I seem to be having problems jumping from notes above a high (octave) G to a high G. Whenever I do this, I often have a high pitched squeak that sounds terrible. I've been told by my teacher that the squeak I'm making is a G overtone, but I cannot seem to fix it. This problem occurs very frequently on jumps of C down to G and B down to G. The problem seems to improve and worsen depending on what reeds/mouthpieces I use, but it is always present. I have also recently had the saxophone im using serviced a Yamaha YTS -62, and am sure there are no problems with the instrument. Anything I should try to solve this?

I've also been wondering about a change of reeds and mouthpiece. I've been playing for around 3 - 4 years, and am currently using a Rico Graftanite B5 mouthpiece, in combination with size 2 and 3/4 Legere reed (signature series).

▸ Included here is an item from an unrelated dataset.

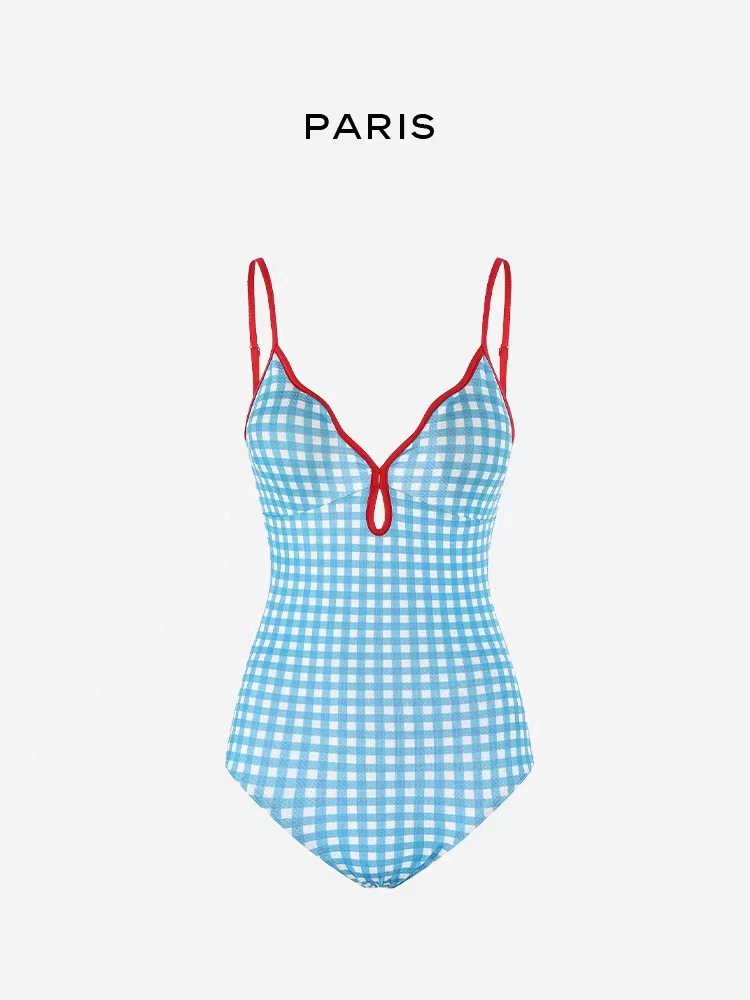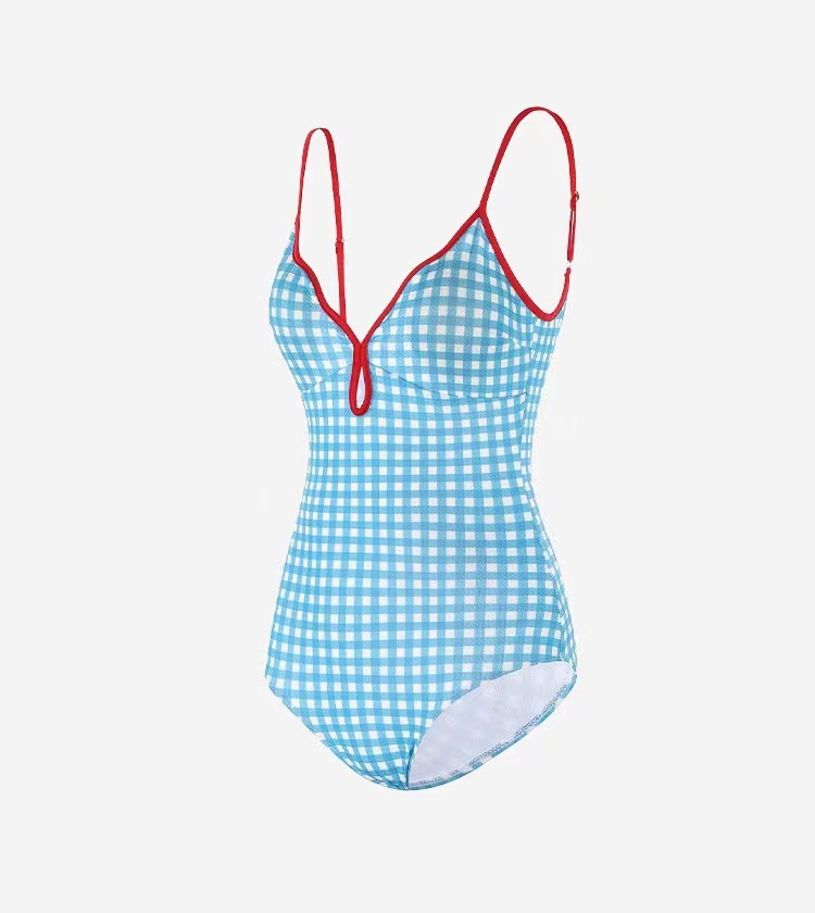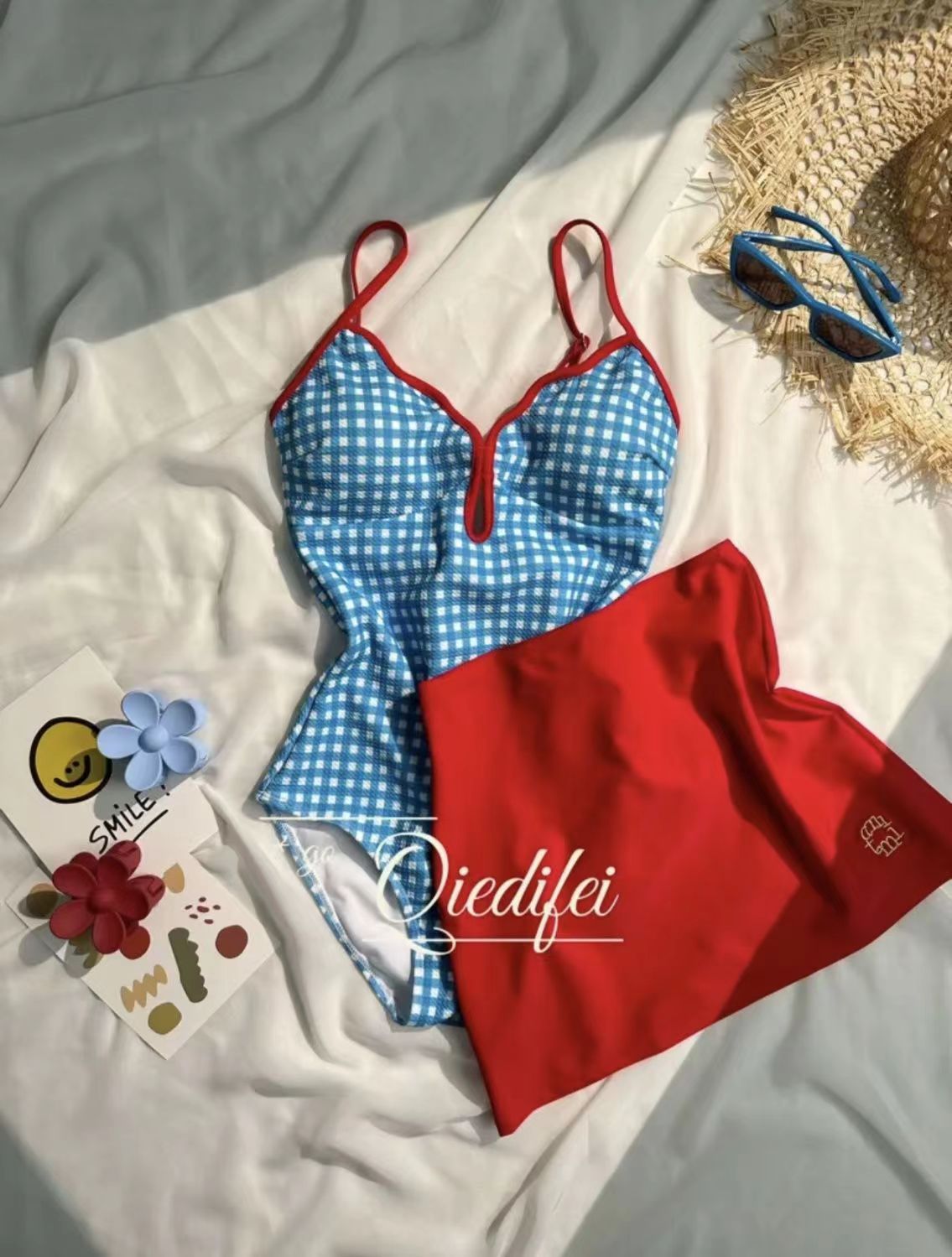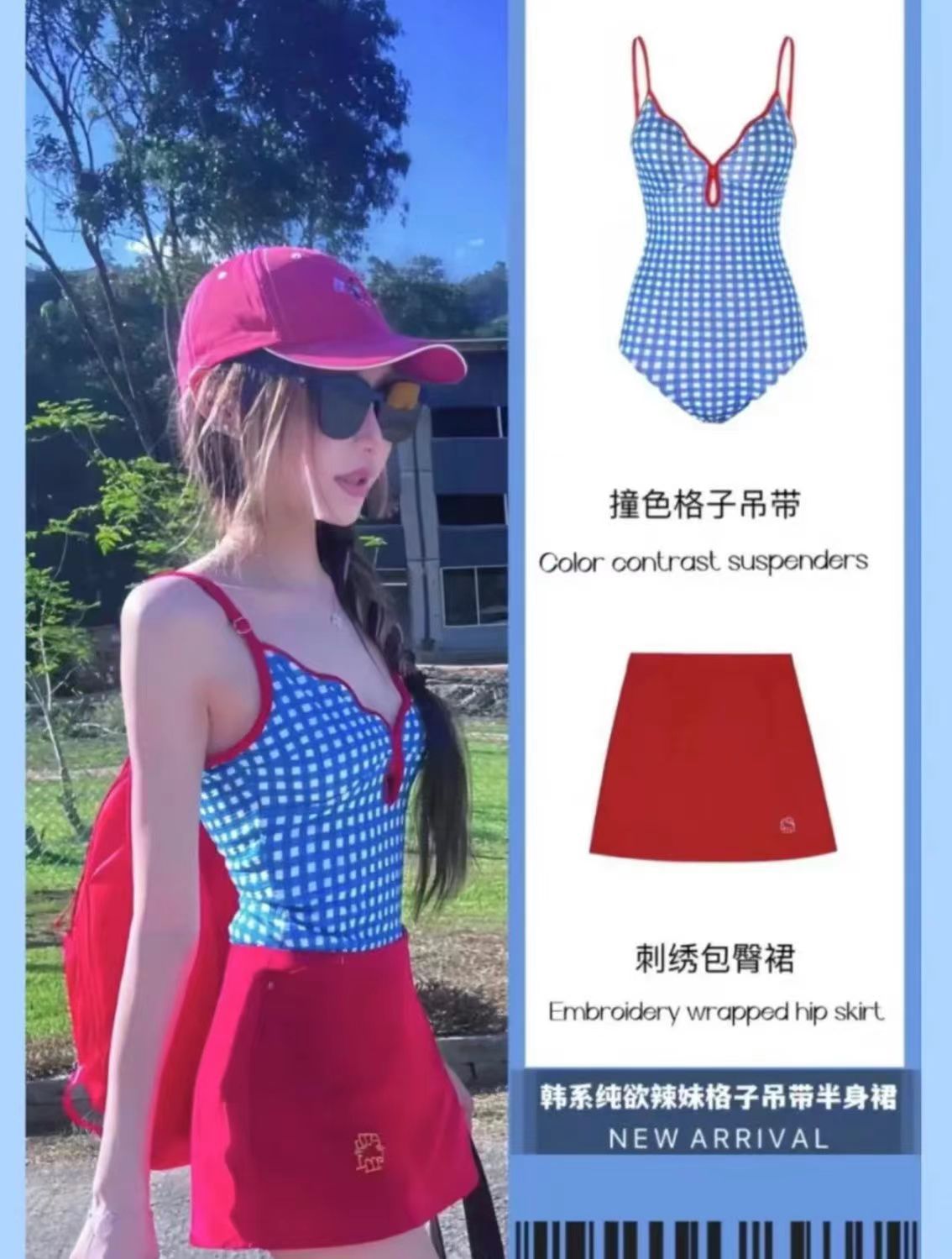 일본 신선한 소녀 연령 감소 파란색 격자 무늬 여름 서스펜더 백리스 슬리밍 온천 원피스 수영복 여성 레드 스커트스토어 가기

I've been trying standard Vandoren 2.5's and 3's, but have been squeaking more in playing. I've been considering getting a Vandoren Optimum TL4, as I am more of a balad player and think this would suit well, however I am no expert in gear like this. Are there any other mouthpieces I should go for, or reeds I should try in combination?

Thanks very much for your help, all suggestions are appreciated. :)
 
Messages
51
That g is a concert F, one of the hardest notes on a tenor. I have the same problem on my bari, but it's my concert b flat. I haven't played tenor for a while now, but I'm pretty sure that its all three fingers down on the left hand, correct me If I'm wrong. Between tenor and bari, that notes a pain in the butt. So what I would try doing first is checking the placement of the mouth. Three things to know, how far my mouth is on the mouthpiece, am I blowing "strait air" through and am I closing up the reed and the mouthpiece. These are probably the main ones. Also experiment with how much air you are using.
 
Messages
51
Yamaha mouthpieces are good for beginners. I play bari on a Yamaha 5c. And I use Vandoren 3 reeds. Try a mouthpiece a number size up.
 

Dystility

New Member
Messages
4
That g is a concert F, one of the hardest notes on a tenor. I have the same problem on my bari, but it's my concert b flat. I haven't played tenor for a while now, but I'm pretty sure that its all three fingers down on the left hand, correct me If I'm wrong. Between tenor and bari, that notes a pain in the butt. So what I would try doing first is checking the placement of the mouth. Three things to know, how far my mouth is on the mouthpiece, am I blowing "strait air" through and am I closing up the reed and the mouthpiece. These are probably the main ones. Also experiment with how much air you are using.
Thanks very much, I'll try this. It was a problem I never had when I first began playing though; it seems to have developed over the 6 months, well into my playing. I'll keep at it though.
 
Messages
51
And really, it comes down to practice. The more you practice hitting that darn G, it will get better. Just keep experimenting with it.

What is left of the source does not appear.